Before I show the webinar, I want to start by acknowledging that we are not all in the same place on this journey. Some of us have been on it longer than others. Some — most of us — identify as white; some of us identify as People of Color; and some of have even more complex identities than are indicated by those two categories. Some of us are Jewish, for instance. Some of us are a mix of races and ethnicities. Some of us are immigrants to this country and some of us were born here. Some of us grew up Mennonite and some of us didn’t. We bring all of these differing identities to this conversation on race, church and change.

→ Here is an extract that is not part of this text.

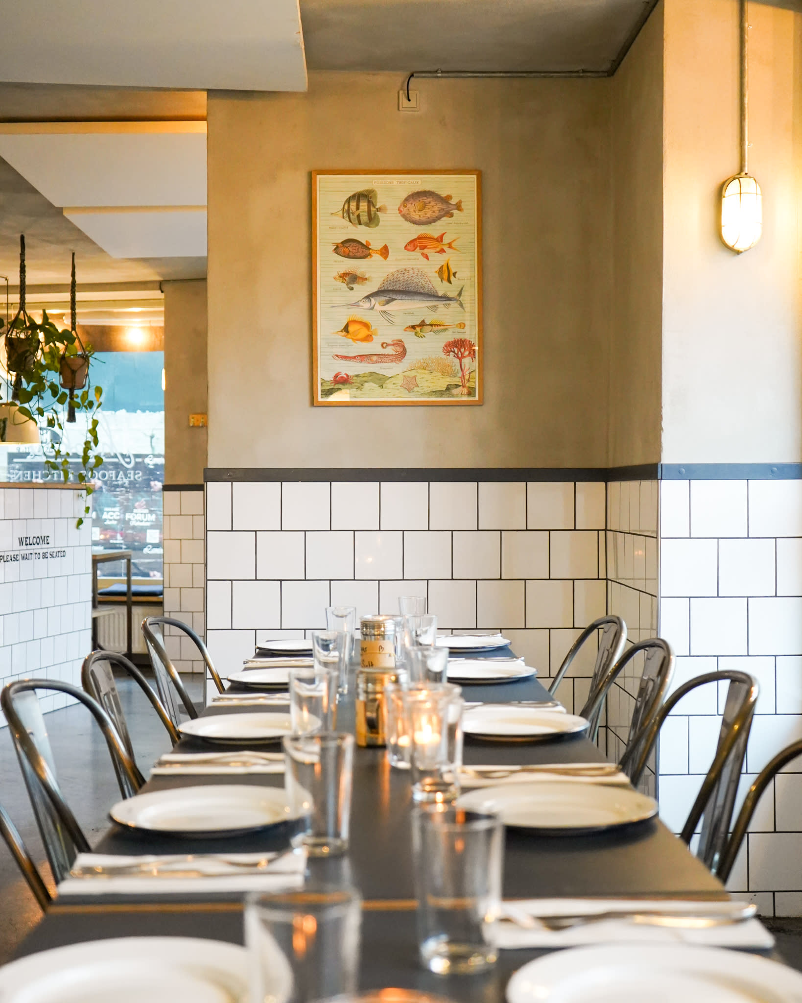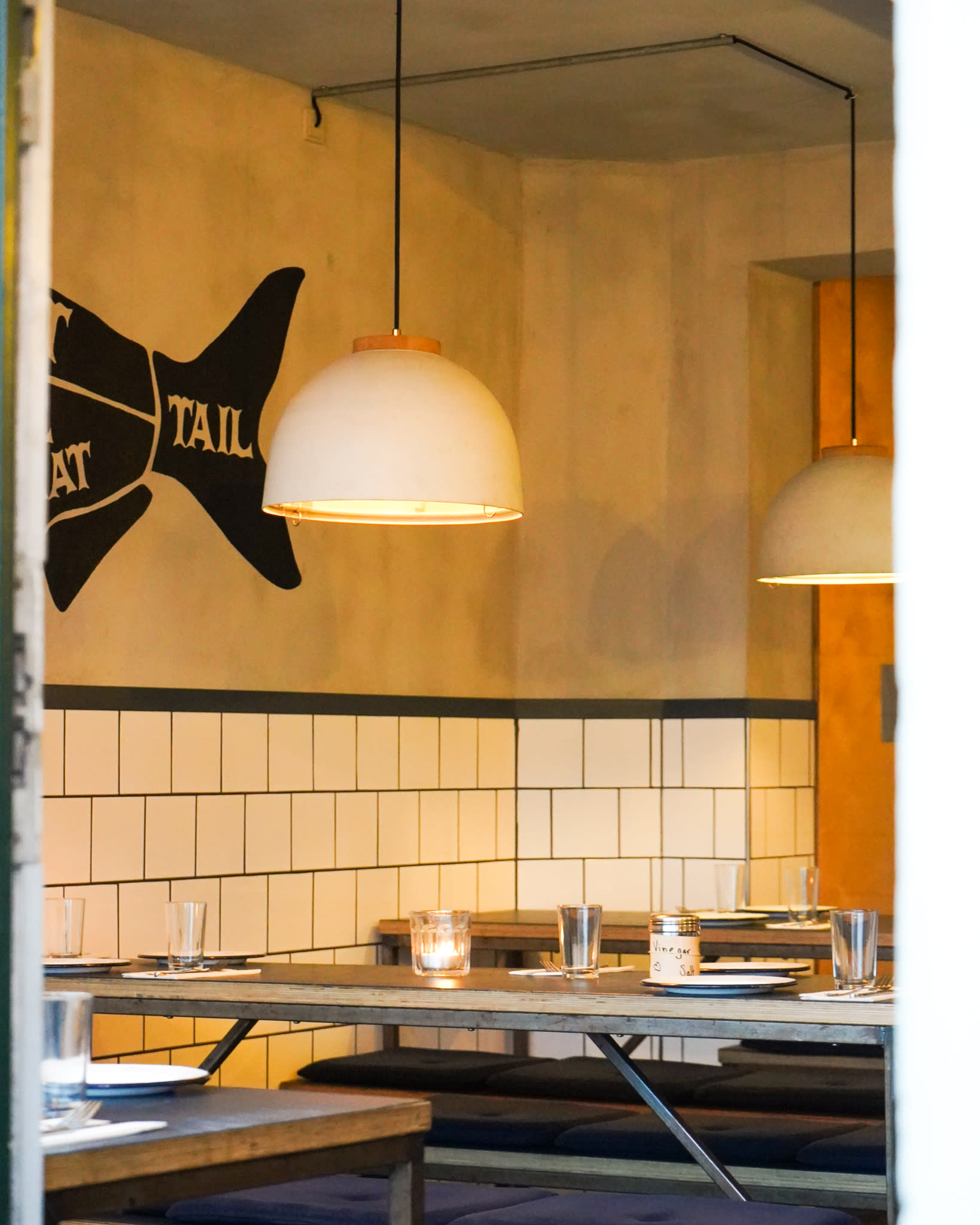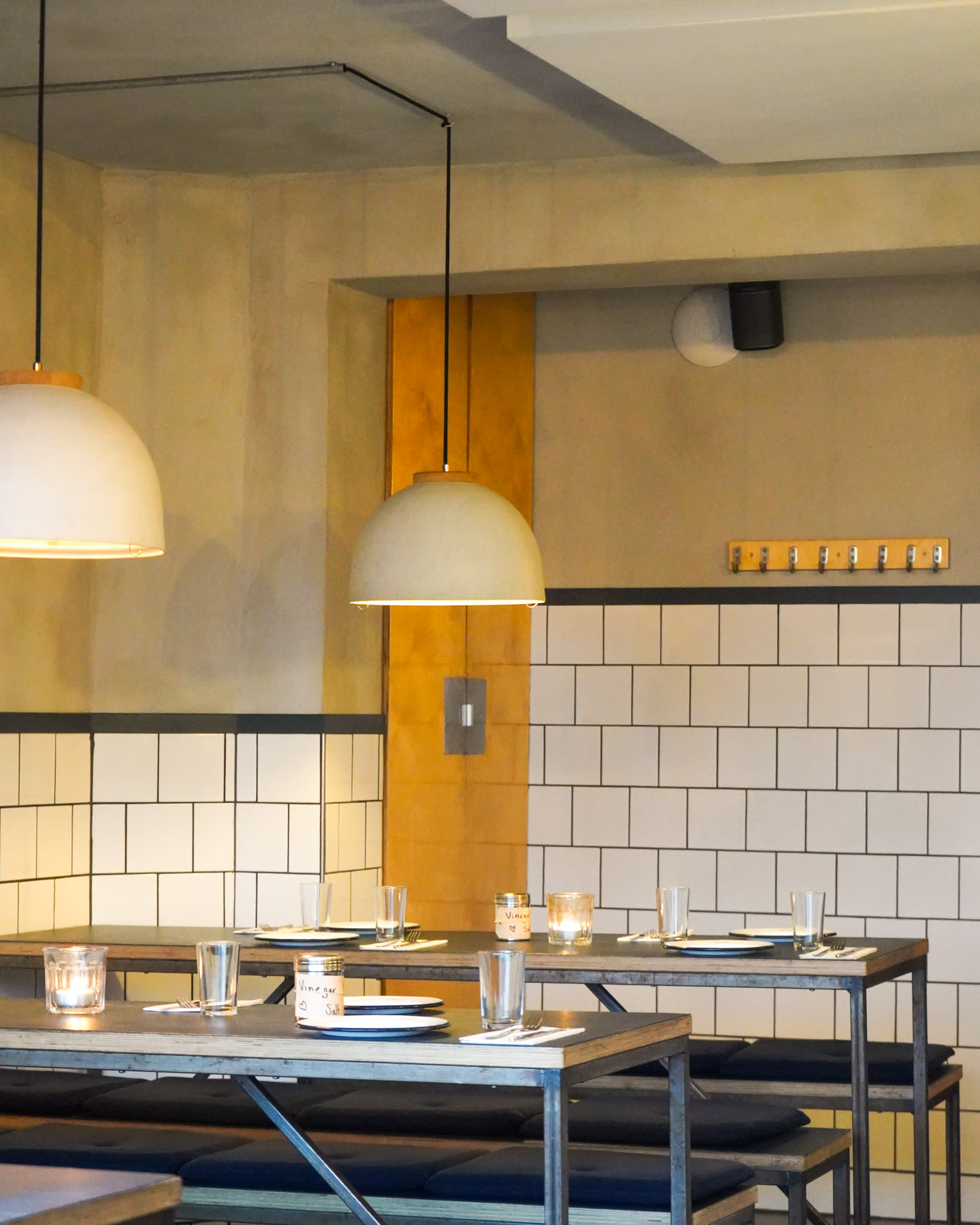 Restauranten byder på en lys og indbydende atmosfære takket være de store vinduer, der strækker sig langs hele facaden. For dem, der søger en mere privat oplevelse, tilbyder vi et eksklusivt baglokale med egen indgang, perfekt til mindre selskaber på 8-20 personer.

I’m going to introduce the folks on this webinar by having Bart put their names and titles in the chat box.  I’m only going to be able to show a small part of this webinar. I really recommend you watch the whole thing. The link to it is also in the chat box — you can cut and paste it from there.  This June webinar was so popular, there’s going to be a second webinar on July 23. And I’ve put information on how to register for that below. If you register, even if you know you can’t attend when the webinar is being held, they will send you the links to the recording of the webinar, so it’s worth registereing.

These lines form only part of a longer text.